With school back in session, she knew she needed to knock off some rust before playing in the American Junior Golf Association’s Ping Invitational in Oklahoma.

“I haven’t played for awhile, and my dad was like, `You want to go up and try to qualify for this [LPGA] event?” Thompson said. “I was like, `Yeah, sure, why not?’ I might as well get some competition out of it and get me ready for my other events coming up.’”

Thompson didn’t mean to make light of leaping into contention in the first-round Thursday at the Senator Course at Capitol Hill on the Robert Trent Jones Golf Trail. She was just being honest. This wasn’t in her grand golf plan this year. It wasn’t in her schedule until just recently. She played her way into the field through a qualifier after making the 11-hour drive from South Florida with her father, Scott, who also caddies for her.

Michelle Wie Navistar LPGA Classic
Michelle Wie reacts after making a birdie on the 18th hole during first round play in the Navistar LPGA Classic. (Getty Images)

There has to be something exasperating for tour pros to watch a ninth grader turn up at the last minute and shoot 7-under-par 65 after nearly a month-and-a-half away from any kind of competition. By the way, it was Thompson’s lowest score in competition, bettering the 66 she once shot in the PGA Junior Championship.

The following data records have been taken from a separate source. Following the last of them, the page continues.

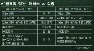 눈여겨 볼 점은 그의 방어율이 메이저리그 초유의 4시즌 연속 사이영상 수상을 했던 92∼95년(평균 2.24)에 비해 손색이 없다는 사실. 초반이긴 하지만 최근 2년 동안 4점대 방어율로 자존심을 구겼던 매덕스가 2년 만에 15승대 투수로 복귀할 것이라는 데는 이견이 없다. 매덕스는 88년부터 17년 내리 15승 이상을 쌓는 대기록을 세웠다. 지난해 13승으로 아쉽게 중단됐지만, 올해 이미 5승을 챙겨 19년 연속 두 자리 승수 정복을 위한 반환점을 돌아섰다.
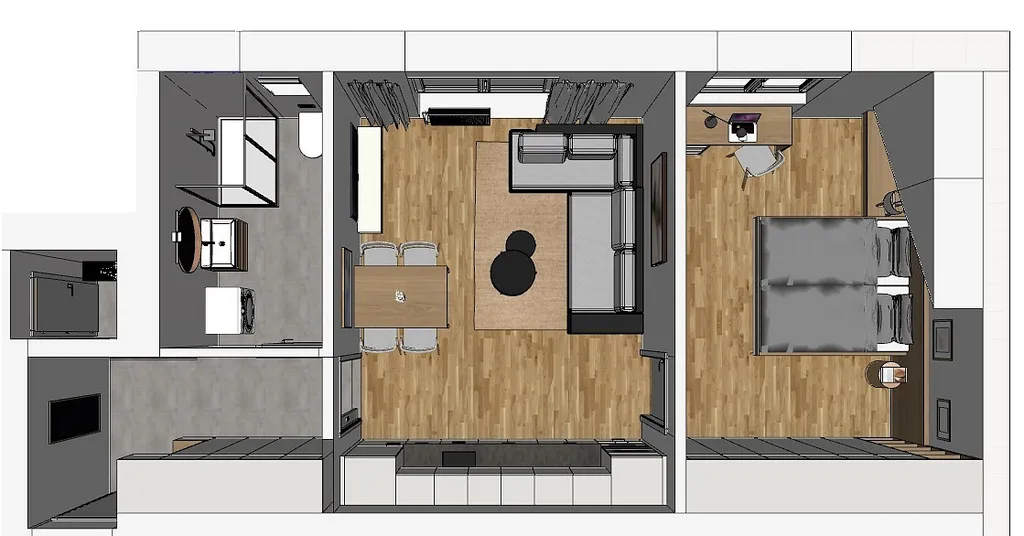 Nabízíme k pronájmu podkrovní byt s dispozicí 2+KK o ploše 46,7 m² ve 4. NP
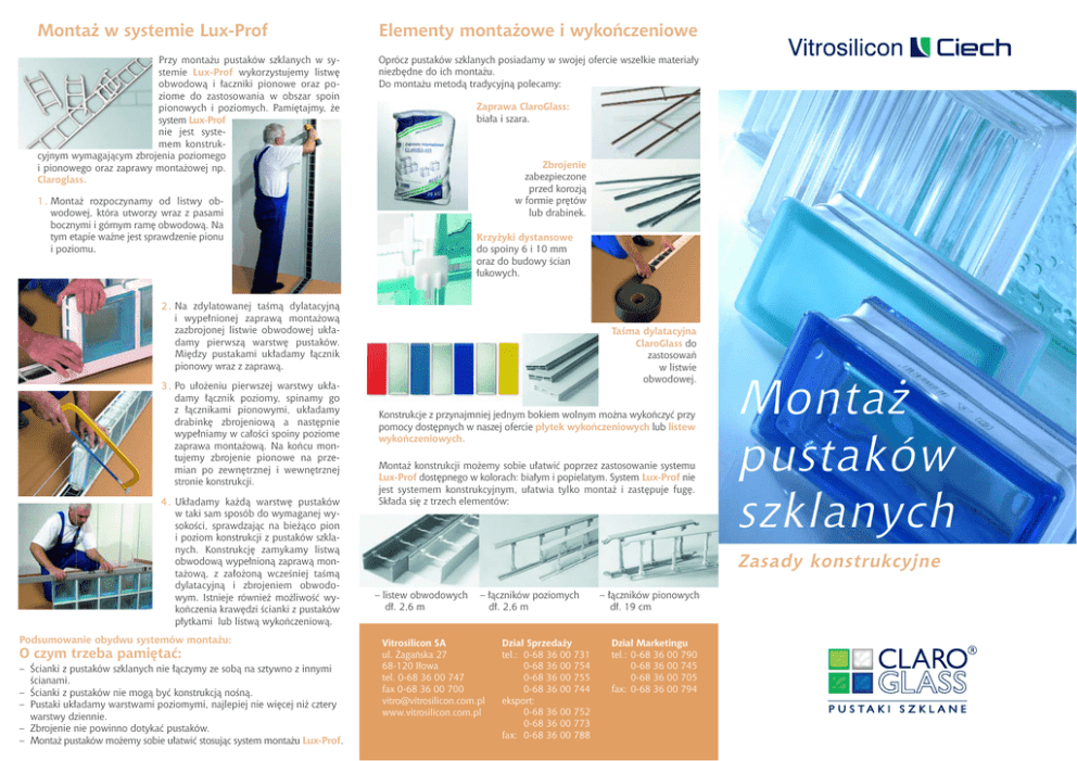 Monta˝ w systemie Lux-Prof Elementy monta˝owe i wykoƒczeniowe Przy monta˝u pustaków szklanych w systemie Lux-Prof wykorzystujemy listw´ obwodowà i ∏aczniki pionowe oraz poziome do zastosowania w obszar spoin pionowych i poziomych. Pami´tajmy, ˝e system Lux-Prof nie jest systemem konstrukcyjnym wymagajàcym zbrojenia poziomego i pionowego oraz zaprawy monta˝owej np. Claroglass. Oprócz pustaków szklanych posiadamy w swojej ofercie wszelkie materia∏y niezb´dne do ich monta˝u. Do monta˝u metodà tradycyjnà polecamy: Zaprawa ClaroGlass: bia∏a i szara. Zbrojenie zabezpieczone przed korozjà w formie pr´tów lub drabinek. 1 . Monta˝ rozpoczynamy od listwy obwodowej, która utworzy wraz z pasami bocznymi i górnym ram´ obwodowà. Na tym etapie wa˝ne jest sprawdzenie pionu i poziomu. Krzy˝yki dystansowe do spoiny 6 i 10 mm oraz do budowy Êcian ∏ukowych. 2 . Na zdylatowanej taÊmà dylatacyjnà i wype∏nionej zaprawà monta˝owà zazbrojonej listwie obwodowej uk∏adamy pierwszà warstw´ pustaków. Mi´dzy pustakami uk∏adamy ∏àcznik pionowy wraz z zaprawà. 3 . Po u∏o˝eniu pierwszej warstwy uk∏adamy ∏àcznik poziomy, spinamy go z ∏àcznikami pionowymi, uk∏adamy drabink´ zbrojeniowà a nast´pnie wype∏niamy w ca∏oÊci spoiny poziome zaprawa monta˝owà. Na koƒcu montujemy zbrojenie pionowe na przemian po zewn´trznej i wewn´trznej stronie konstrukcji. 4 . Uk∏adamy ka˝dà warstw´ pustaków w taki sam sposób do wymaganej wysokoÊci, sprawdzajàc na bie˝àco pion i poziom konstrukcji z pustaków szklanych. Konstrukcj´ zamykamy listwà obwodowà wype∏nionà zaprawà monta˝owà, z za∏o˝onà wczeÊniej taÊmà dylatacyjnà i zbrojeniem obwodowym. Istnieje równie˝ mo˝liwoÊç wykoƒczenia kraw´dzi Êcianki z pustaków p∏ytkami lub listwà wykoƒczeniowà. Podsumowanie obydwu systemów monta˝u: O czym trzeba pami´taç: – Âcianki z pustaków szklanych nie ∏àczymy ze sobà na sztywno z innymi Êcianami. – Âcianki z pustaków nie mogà byç konstrukcjà noÊnà. – Pustaki uk∏adamy warstwami poziomymi, najlepiej nie wi´cej ni˝ cztery warstwy dziennie. – Zbrojenie nie powinno dotykaç pustaków. – Monta˝ pustaków mo˝emy sobie u∏atwiç stosujàc system monta˝u Lux-Prof. TaÊma dylatacyjna ClaroGlass do zastosowaƒ w listwie obwodowej. Konstrukcje z przynajmniej jednym bokiem wolnym mo˝na wykoƒczyç przy pomocy dost´pnych w naszej ofercie p∏ytek wykoƒczeniowych lub listew wykoƒczeniowych. Monta˝ konstrukcji mo˝emy sobie u∏atwiç poprzez zastosowanie systemu Lux-Prof dost´pnego w kolorach: bia∏ym i popielatym. System Lux-Prof nie jest systemem konstrukcyjnym, u∏atwia tylko monta˝ i zast´puje fug´. Sk∏ada si´ z trzech elementów: Monta˝ pustaków szklanych Zasady konstrukcyjne – listew obwodowych d∏. 2,6 m – ∏àczników poziomych d∏. 2,6 m Vitrosilicon SA ul. ˚agaƒska 27 68-120 I∏owa tel. 0-68 36 00 747 fax 0-68 36 00 700 [email protected] www.vitrosilicon.com.pl Dzia∏ Sprzeda˝y tel.: 0-68 36 00 731 0-68 36 00 754 0-68 36 00 755 0-68 36 00 744 eksport: 0-68 36 00 752 0-68 36 00 773 fax: 0-68 36 00 788 – ∏àczników pionowych d∏. 19 cm Dzia∏ Marketingu tel.: 0-68 36 00 790 0-68 36 00 745 0-68 36 00 705 fax: 0-68 36 00 794 Monta˝ pustaków szklanych Monta˝ tradycyjny 4 . Listw´ obwodowà wype∏niamy zaprawà monta˝owà ClaroGlass, tak aby wype∏niona ona by∏a w ca∏oÊci. Podstawowà metodà budowania konstrukcji z pustakow szklanych jest murowanie na zaprawie cementowej bez wapna. Nie ka˝dà zapraw´ mo˝emy u˝yç do budowy pustaków szklanych. Zaprawa musi charakteryzowaç si´ m.in. odpowiednià przyczepnoÊcià i elastycznoÊcià, dlatego polecamy zaprawy specjalistyczne, np. zapraw´ CLAROGLASS. 1 . Monta˝ konstrukcji zaczynamy od monta˝u listwy startowej np.: listwy obwodowej Lux-Prof lub ceownika stalowego, który wraz z pasami bocznymi i górnym utworzy ram´ obwodowà (rozstaw ko∏ków rozporowych co 40-50 cm, nie mniej jak 3 ko∏ki na listw´). 2 . Listw´ obwodowà mocujemy do pod∏o˝a na sztywno. Sprawdzamy pion i poziom. Zagwarantuje nam to stabilnoÊç i estetyk´ konstrukcji. 3 . Dno listwy obwodowej wyk∏adamy taÊmà dylatacyjnà ClaroGlass a nast´pnie montujemy zbrojenie obwodowe: drabink´ zbrojeniowà lub dwa pr´ty 6 mm, podwiàzujàc je drutem wiàzad∏owym tak, aby nie opad∏o na dno listwy obwodowej. 5 . Na tak przygotowanym pod∏o˝u uk∏adamy pierwszà warstw´ pustaków szklanych, rozpoczynajàc od naro˝nika. Odleg∏oÊci mi´dzy pustakami utrzymujemy za pomocà krzy˝yków dystansowych do pustaków szklanych. Zapraw´ najlepiej nak∏adaç na kraw´dê pustaka i po jego umieszczeniu w konstrukcji usunàç jej nadmiar. 6 . Ca∏oÊç konstrukcji musi byç zazbrojona. W spoinach poziomych uk∏adamy drabink´ zbrojeniowà lub dwa pr´ty 6 mm, natomiast w spoinach pionowych pojedyncze pr´ty na przemian po wewn´trznej i zewn´trznej stronie. Koƒce zbrojenia muszà byç zakotwione w ramie obwodowej. 7 . Nadmiar zaprawy usuwamy na bie˝àco, nie dopuszczajàc do jej wyschni´cia. Ka˝dà warstw´ pustaków uk∏adamy do wymaganej wysokoÊci analogicznie jak pierwszà, pami´tajàc, aby zachowaç wzór pustaków szklanych. 8 . Po u∏o˝eniu ostatniego rz´du pustaków odrywamy p∏ytki po obu stronach krzy˝yków dystansowych. Zbieramy nadmiar zaprawy ze spoin zostawiajàc wolnà przestrzeƒ, którà uzupe∏niamy zaprawà do spoinowania. CzynnoÊç t´ mo˝emy wykonaç na nast´pny dzieƒ za pomocà zapraw do spoinowania odpowiednich do szerokoÊci spoin. Monta˝ lekkiej wewn´trznej stolarki drzwiowej w konstrukcjach z pustaków szklanych wykonujemy w nast´pujàcy sposób: 1 . Drzwi z tradycyjnà oÊcie˝nicà montujemy za pomocà ko∏ków rozporowych. Przytwierdzamy je w spoiny mi´dzy pustakami. W∏aÊciwe ustawienie oÊcie˝nicy w pionie i poziomie korygujemy za pomocà klinów. Drzwi z oÊcie˝nicà regulowanà w
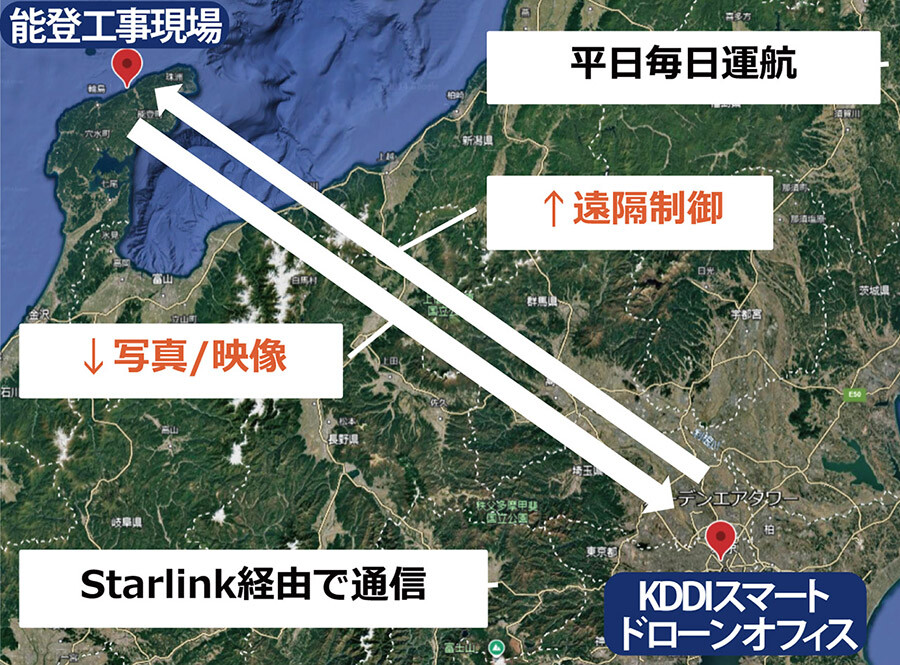 現場に設置したドローンは、月曜日から金曜日まで毎日都内にあるKDDIスマートドローンのオフィスで遠隔運航し、撮影した写真を低軌道衛星通信Starlink経由でクラウドにアップロードし、その写真から3次元モデルおよびパノラマ写真を生成することで、現場状況をデジタルツイン化します。

As it turns out, Thompson didn’t need to knock off any rust. She birdied her first two holes Thursday. She posted her score in the morning wave and her name stayed atop the leaderboard until nearly sunset. That’s when Janice Moodie birdied the final four holes, six of the last seven, to take a one-shot lead on Thompson.

Michelle Wie is in the hunt, too, two shots back with Lorena Ochoa. Wie seemed to rediscover her brilliance with a new putting stroke honed by Dave Stockton at the Solheim Cup. Her performance there motivated American teammate Juli Inkster to predict Wie would break through to win her first LPGA event before this season ended. The season’s nearly over. Wie will play just two more LPGA tournaments after this week.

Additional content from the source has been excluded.